Of these, MIR_borrow_checking is by far the slowest relative to other crates; expand_crate and macro_expand_crate add the most to the memory usage.

Reminder from my previous exploration: adding a const constructor instead of doing raw struct construction did reduce compile times and peak memory usage (this was before I was measuring the rustc phase breakdown). This is consistent with @Manishearth's interpretation of the above figures.

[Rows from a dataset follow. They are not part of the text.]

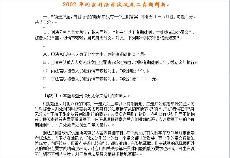 【真题资源】2002年-2008年国家司法考试试卷一真题解析
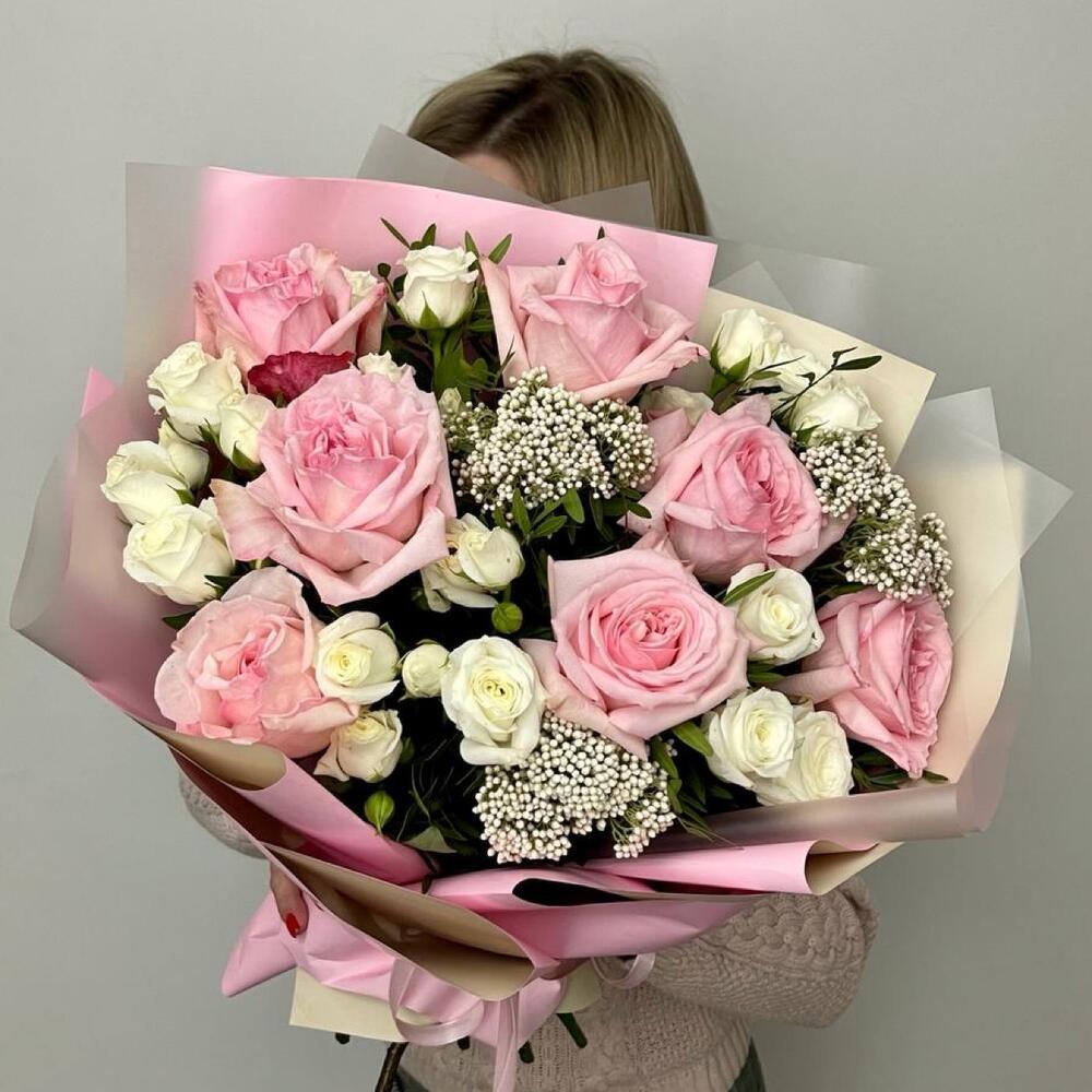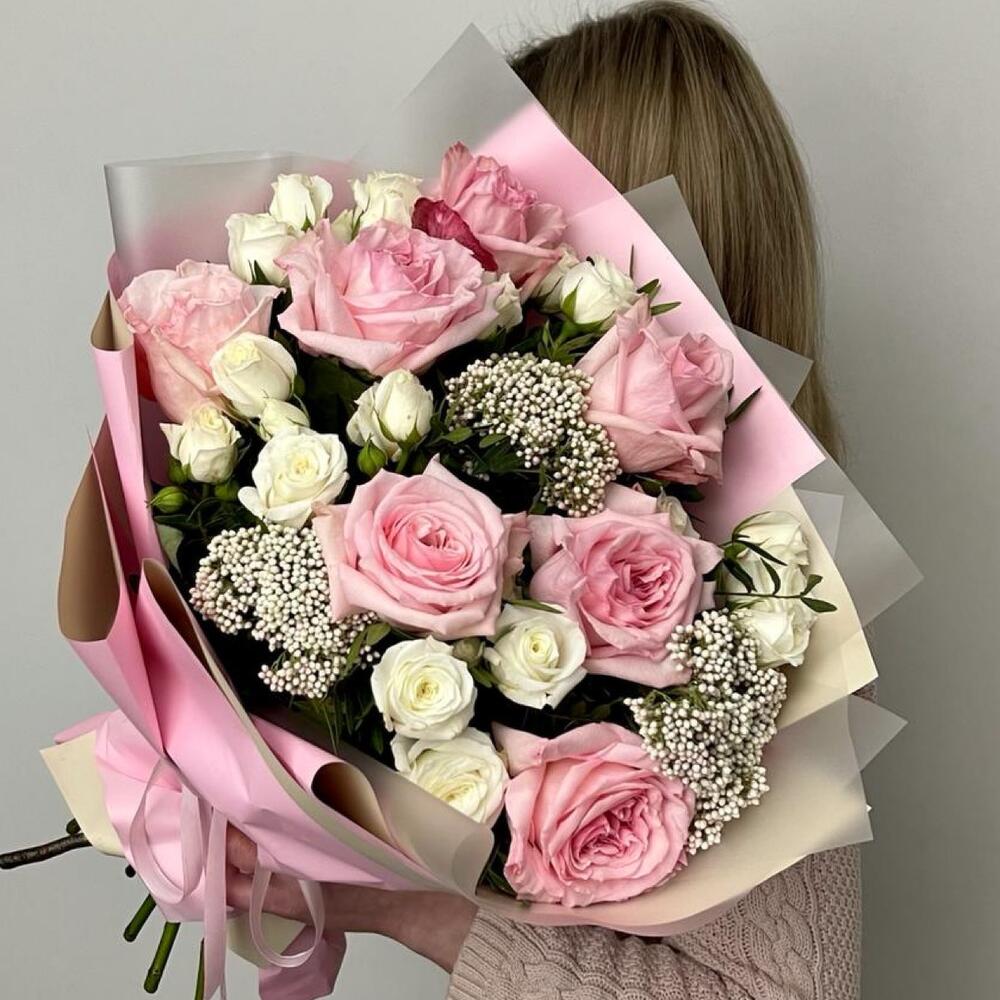 Альстромерии, Кустовые розы, Лизиантусы, Пионовидные розы, Розы, Ромашки
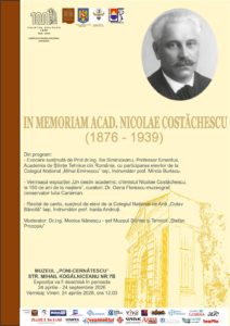 Muzeul Ştiinţei şi Tehnicii „Ştefan Procopiu” din cadrul Complexului Muzeal Naţional „Moldova” Iaşi organizează vineri, 24 aprilie 2026, începând cu ora 12.00, la Muzeul „Poni – Cernătescu” (str. Mihail Kogălniceanu, nr. 7B), manifestarea omagială „IN MEMORIAM NICOLAE COSTĂCHESCU”.
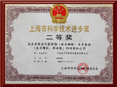 银杏酮酯、中国·ok138(太阳集团)颗粒、斯泰隆荣获上海市科学技术进步奖二等奖
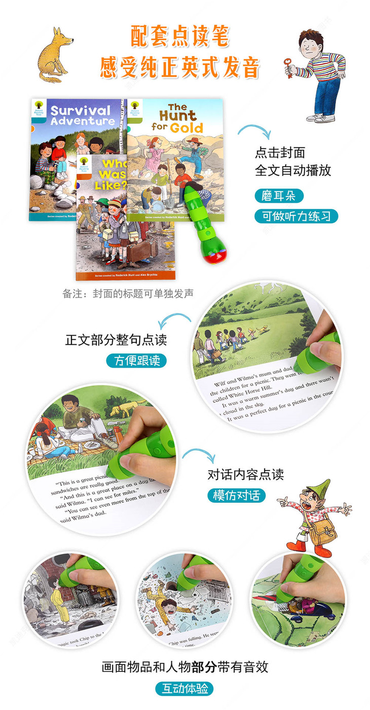事实上,“牛津树”是英国孩子在学校里会用到的阅读教材,体系非常庞大。好消息是,今年牛津出版社将牛津树全系列引进了国内,并且考虑到我们孩子学英语的实际需求,专门配备了点读功能,适配的就是之前介绍过的“毛毛虫点读笔”。
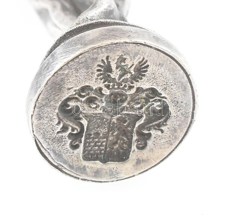 Leírás: Ezüst (Ag) Szecessziós női alak, pecsétnyomó, jelzés nélkül, ismeretlen címeres vésettel, m: 8,5 cm. Bruttó: 94g

sffc commented 2 months ago

I made a reproducible, standalone case here:

https://github.com/sffc/icu4x_compile_sample/tree/standalone

You can also see some of my previous work on making changes in the July 30 commits on the main branch:

https://github.com/sffc/icu4x_compile_sample/commits/main/

sffc commented 2 months ago

I added const constructors where they were most impactful in #5541.

I don't consider this a long-term solution because:

  1. Custom bake impls are unsafe and should generally be avoided
  2. The compile times are cut approximately in half, but they are still too big

But, for the short term, it should make CI less flaky.